The GSM Association, which represents more than 690 mobile operators worldwide, has branded the European Commission’s plans to lower roaming rates within the EU as unnecessary.
Moves by mobile operators to fight the directive could set the process back 18 months, the European Commission has acknowledged.
In a response to the European Commission’s roaming directive, which it claims could cut the cost of roaming within the EU by 70pc, the GSM Association said that the commission’s plans were unnecessary as competition is already delivering reductions in the prices of roaming services.
It said that price cuts being implemented by a group of leading European operators will lower tariffs and lead to a fall in roaming costs to the tune of 40pc.
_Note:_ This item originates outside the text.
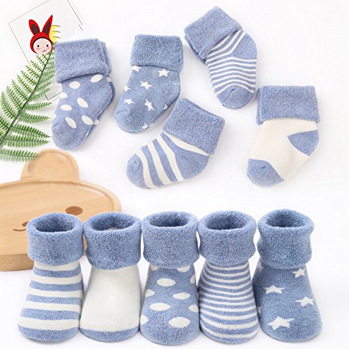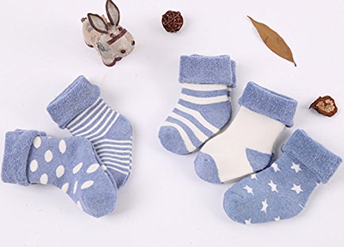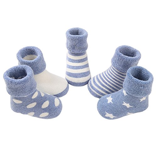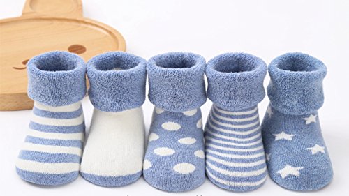 [インソミラ] InSomila ベビー ソックス 靴下 保温 秋冬 ベビー キッズ 赤ちゃん 新生児 お祝い 出産 祝い ムール用 柔らかい 5足 セット (SS 0~1歳, ブルー)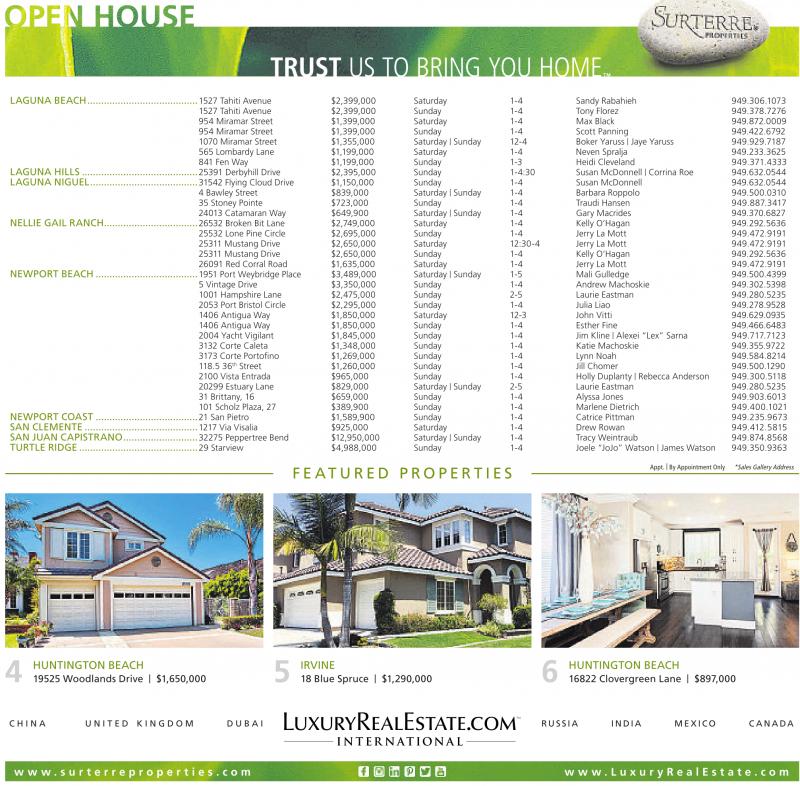 LAGUNA BEACH........................................1527 Tahiti Avenue $2,399,000 Saturday 1-4 Sandy Rabahieh 949.306.1073 1527 Tahiti Avenue $2,399,000 Sunday 1-4 Tony Florez 949.378.7276 954 Miramar Street $1,399,000 Saturday 1-4 Max Black 949.872.0009 954 Miramar Street $1,399,000 Sunday 1-4 Scott Panning 949.422.6792 1070 Miramar Street $1,355,000 Saturday | Sunday 12-4 Boker Yaruss | Jaye Yaruss 949.929.7187 565 Lombardy Lane $1,199,000 Saturday 1-4 Neven Spralja 949.233.3625 841 Fen Way $1,199,000 Sunday 1-3 Heidi Cleveland 949.371.4333 LAGUNA HILLS..........................................25391 Derbyhill Drive $2,395,000 Sunday 1-4:30 Susan McDonnell | Corrina Roe 949.632.0544 LAGUNA NIGUEL.......................................31542 Flying Cloud Drive $1,150,000 Sunday 1-4 Susan McDonnell 949.632.0544 4 Bawley Street $839,000 Saturday | Sunday 1-4 Barbara Roppolo 949.500.0310 35 Stoney Pointe $723,000 Sunday 1-4 Traudi Hansen 949.887.3417 24013 Catamaran Way $649,900 Saturday | Sunday 1-4 Gary Macrides 949.370.6827 NELLIE GAIL RANCH..................................26532 Broken Bit Lane $2,749,000 Saturday 1-4 Kelly O’Hagan 949.292.5636 25532 Lone Pine Circle $2,695,000 Sunday 1-4 Jerry La Mott 949.472.9191 25311 Mustang Drive $2,650,000 Saturday 12:30-4 Jerry La Mott 949.472.9191 25311 Mustang Drive $2,650,000 Sunday 1-4 Kelly O’Hagan 949.292.5636 26091 Red Corral Road $1,635,000 Saturday 1-4 Jerry La Mott 949.472.9191 NEWPORT BEACH .....................................1951 Port Weybridge Place $3,489,000 Saturday | Sunday 1-5 Mali Gulledge 949.500.4399 5 Vintage Drive $3,350,000 Sunday 1-4 Andrew Machoskie 949.302.5398 1001 Hampshire Lane $2,475,000 Sunday 2-5 Laurie Eastman 949.280.5235 2053 Port Bristol Circle $2,295,000 Sunday 1-4 Julia Liao 949.278.9528 1406 Antigua Way $1,850,000 Saturday 12-3 John Vitti 949.629.0935 1406 Antigua Way $1,850,000 Sunday 1-4 Esther Fine 949.466.6483 2004 Yacht Vigilant $1,845,000 Sunday 1-4 Jim Kline | Alexei “Lex” Sarna 949.717.7123 3132 Corte Caleta $1,348,000 Sunday 1-4 Katie Machoskie 949.355.9722 3173 Corte Portofino $1,269,000 Sunday 1-4 Lynn Noah 949.584.8214 118.5 36 th Street $1,260,000 Sunday 1-4 Jill Chomer 949.500.1290 2100 Vista Entrada $965,000 Sunday 1-4 Holly Duplanty | Rebecca Anderson 949.300.5118 20299 Estuary Lane $829,000 Saturday | Sunday 2-5 Laurie Eastman 949.280.5235 31 Brittany, 16 $659,000 Sunday 1-4 Alyssa Jones 949.903.6013 101 Scholz Plaza, 27 $389,900 Sunday 1-4 Marlene Dietrich 949.400.1021 NEWPORT COAST .....................................21 San Pietro $1,589,900 Sunday 1-4 Catrice Pittman 949.235.9673 SAN CLEMENTE.........................................1217 Via Visalia $925,000 Saturday 1-4 Drew Rowan 949.412.5815 SAN JUAN CAPISTRANO...........................32275 Peppertree Bend $12,950,000 Saturday | Sunday 1-4 Tracy Weintraub 949.874.8568 TURTLE RIDGE ...........................................29 Starview $4,988,000 Sunday 1-4 Joele “JoJo” Watson | James Watson 949.350.9363

The association warned that the commission’s plan to introduce a rigid cap on retail prices on each and every minute of a roaming call will stifle competition and prevent operators providing bundles of roaming minutes and other innovations.
“Although the European Commission has dropped its unworkable ‘home pricing principle’, its new proposals still amount to a straightjacket that will stifle innovation, dampen competition and ultimately harm consumers,” said Rob Conway, CEO of the GSM Association.
“The commission’s plans would represent a far-reaching and unprecedented intervention in a market which is clearly delivering for its customers.”
Conway said that the commission’s proposal to cap wholesale rates also has serious flaws. The level of the wholesale price cap envisaged by the commission will penalise mobile operators with relatively high costs and could lead to some operators making a loss on the provision of this service. Some mobile operators incur higher costs than others for a variety of reasons, for example, because they serve a sparsely populated or mountainous region, he said.
He pointed out that many European mobile operators have already made public commitments to lower wholesale rates. He added that given the competitive nature of the European mobile market, the GSM Association is confident that these wholesale cuts will flow through to significant retail price reductions for consumers.
“The industry is delivering cuts in roaming prices today, well before any regulatory intervention would come into force,” said Conway.
The association’s stance on the European Commission’s plans to reduce roaming costs was lambasted by Fine Gael spokesman on communications Bernard Durkan TD. He said the fact that the measures won’t take effect for 18 months was bad news for consumers.
“The matter is very simple. Roaming costs are about five times the costs incurred by the phone companies in connecting the call. There is simply no reason for these charges to exist, other than the fact the operators think they can get away with it.,” said Durkan.
“Equally contemptible, in my view, was the reaction of the GSM Association, which had the cheek to say that the limited action announced by the commission was unnecessary. I would be delighted to know on what grounds that absurd assertion is based.
“If they wanted the EU not to interfere in their price mechanisms they should treat their customers with a little more respect and end the practice of gouging them for cross-border calls.
“The Minister for Communications should now make it clear what he intends to do at EU level to end roaming charges and call-divert charges once and for all.
“As Ireland endures the highest call costs in Europe, it is only right that the Irish Government leads the charge for the abolition of these rip-off charges,” Durkan said.